Add ~20% overhead for KV cache, activations, runtime

Examples:
  LLaMA 3 70B in FP16: (70e9 × 2) / 1e9 = 140 GB + 20% = ~168 GB
  LLaMA 3 70B in INT4: (70e9 × 0.5) / 1e9 = 35 GB + 20% = ~42 GB

Context Length Impact on VRAM

KV cache memory scales with sequence length. Long contexts add significant VRAM beyond model weights:

Model	Context Length	KV Cache (batch=1)
LLaMA 3 8B	8K tokens	~0.5 GB
LLaMA 3 8B	128K tokens	~7.5 GB
LLaMA 3 70B	8K tokens	~3.5 GB
LLaMA 3 70B	128K tokens	~56 GB
LLaMA 3 405B	128K tokens	~320 GB

How Much VRAM Does Training Require?

Training requires significantly more VRAM than inference due to optimizer states, gradients, and activations.
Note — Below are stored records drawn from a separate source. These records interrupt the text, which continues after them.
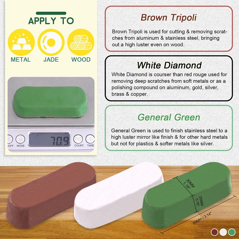 - 【Wide Application】 Ideal for brass, aluminum, bronze, glass, stainless steel, chrome, plastic, cast iron, ect.Perfect for Polishing, Cutting, Waxing, Cleaning, Repairing, Restoring, Reviving etc. Widely applied in Restoring Brass, Cleaning Furniture, Polishing Jewelry, Cutting Bumpy Stainless, Working Auto Body, Waxing the Surface, Glossing the Metal, Buffing the Glass, Repairing the Cast-Iron and more.
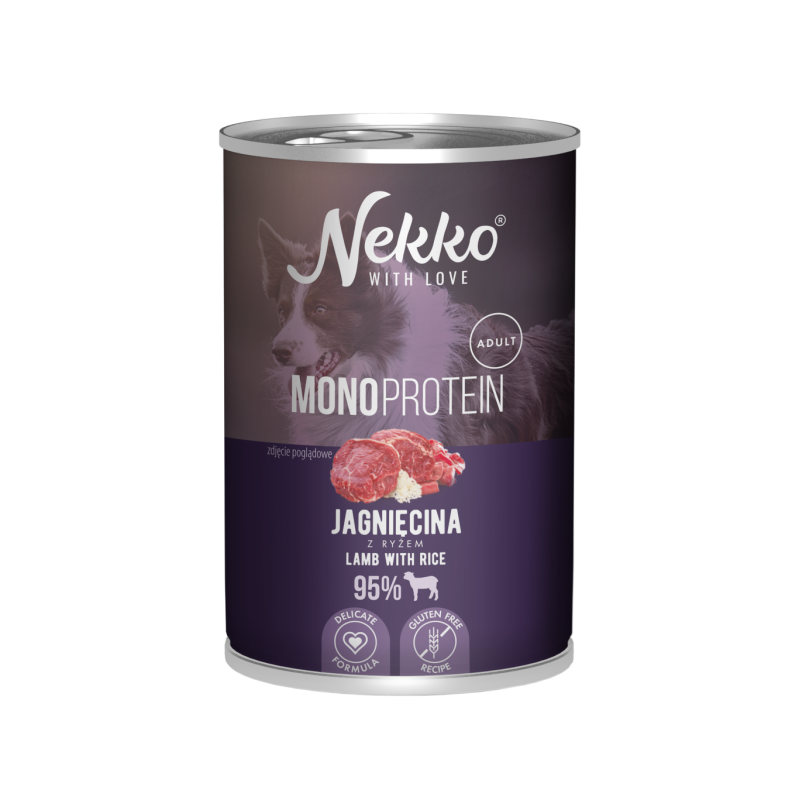 Karma mokra pełnoporcjowa Nekko Mono dla psów dorosłych wszystkich ras. Zawiera jeden składnik pochodzenia zwierzęcego. Doskonale sprawdzi się jako kompletny codzienny posiłek.
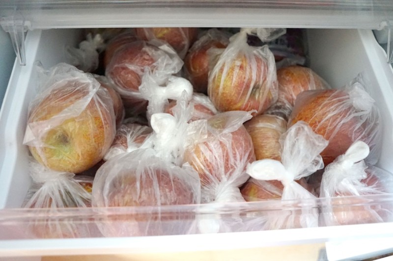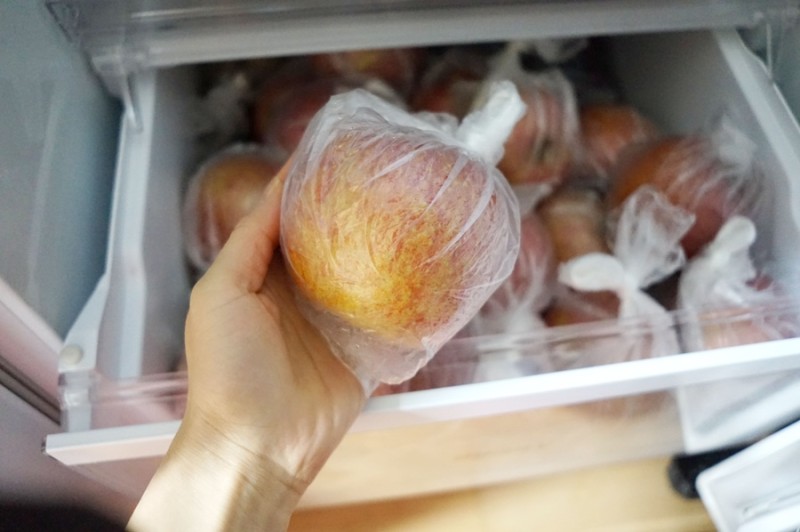 마침 명절 선물로 사과가 한박스 들어왔는데 세식구가 먹기는 많은양이라 이 비닐들을 이용해 하나하나 포장했어요. 사과 한박스를 다 포장하고도 비닐이 남았어요!

Full fine-tuning requires approximately 18× the parameter count in bytes (mixed precision with AdamW optimizer).

Full Fine-Tuning Memory Requirements (AdamW)

Precision	Memory Multiplier	Formula	LLaMA 3 8B Example
FP32	16× params	16 bytes/param	~128 GB (2× A100 80GB)
Mixed BF16+FP32	18× params	18 bytes/param	~144 GB (2× A100 80GB)
Pure BF16	12× params	12 bytes/param	~96 GB (2× A100 80GB)

Parameter-Efficient Fine-Tuning (PEFT)

QLoRA dramatically reduces VRAM for fine-tuning: LLaMA 3 70B with QLoRA requires only ~37 GB — fitting on a single H100 80GB. This is the most practical approach for fine-tuning large models.

Method	Memory Overhead	Notes	LLaMA 3 70B VRAM
LoRA (r=16)	+~5% base model	Trains only low-rank matrices	~147 GB (FP16 base)
QLoRA (4-bit + LoRA)	~0.5× params	4-bit base + FP16 adapters	~37 GB (1× H100 80GB)
IA3	+~1% base model	Fewer trainable params than LoRA	~141 GB (FP16 base)
Prefix Tuning	+~2% base model	Trainable prefix tokens	~143 GB (FP16 base)

GPU Configurations for Popular Models

LLaMA 3 70B — GPU Configuration Options

Use Case	GPU Config	Throughput
Inference (FP16)	2× H100 80GB	~2,100 tok/s
Inference (FP16)	2× A100 80GB	~1,200 tok/s
Inference (INT4)	1× H100 80GB	~1,800 tok/s
Inference (FP16)	1× H200 141GB	~2,800 tok/s
Fine-tune (QLoRA)	2× A100 80GB	~400 tok/s training
Fine-tune (Full FP16)	8× A100 80GB	~1,100 tok/s training

LLaMA 3 405B — GPU Configuration Options

Use Case	GPU Config	Throughput
Inference (FP16)	8× H100 80GB	~580 tok/s
Inference (INT4)	4× H100 80GB	~640 tok/s
Fine-tune (Full BF16)	64× H100 80GB	~800 tok/s training

Frequently Asked Questions

How much VRAM does LLaMA 3 70B require?

LLaMA 3 70B requires approximately 140 GB VRAM for FP16 inference (70B × 2 bytes = 140 GB), plus ~20% overhead for KV cache = ~168 GB total. Minimum: 2× H100 80GB (160 GB) or 1× H200 141GB. With INT4 quantization (AWQ), VRAM drops to ~35 GB — fitting on a single H100 80GB.

Can LLaMA 3 70B run on a single H100?

Yes, with quantization. LLaMA 3 70B runs on a single H100 80GB with INT4 quantization (GPTQ or AWQ), using approximately 35 GB VRAM — well within the 80 GB capacity. Throughput is approximately 1,800 tokens/second vs 2,100 tokens/second for FP16 on 2× H100, with 1–2% quality degradation. FP16 inference requires 2× H100 80GB (160 GB total).

What is QLoRA and how much VRAM does it use for 70B fine-tuning?

QLoRA combines 4-bit quantization of the base model with FP16 LoRA adapters. For LLaMA 3 70B: base model in 4-bit = ~35 GB + LoRA adapters ~2 GB = ~37 GB total — fitting on a single H100 80GB. This compares to ~1,260 GB for full FP32 fine-tuning. QLoRA is the standard approach for fine-tuning 70B+ models on accessible hardware.

How many GPUs does LLaMA 3 405B need?

LLaMA 3 405B requires approximately 810 GB VRAM for FP16 inference. Minimum: 11× H100 80GB (880 GB). Recommended: 12× H100 80GB for headroom. With INT4 quantization, VRAM drops to ~202 GB (3× H100 80GB). Full fine-tuning requires 64× H100 80GB (18× parameters = ~7,290 GB minimum).

What is the difference between tensor parallelism and pipeline parallelism?

Tensor Parallelism (TP) splits individual layers across GPUs — requires high-bandwidth NVLink, scales linearly up to 8 GPUs, best for inference. Pipeline Parallelism (PP) splits model layers across GPU groups — lower bandwidth requirements, works across nodes, higher latency but enables very large models (4–16 pipeline stages). For production serving, use TP within a node (up to 8× H100) and PP across nodes.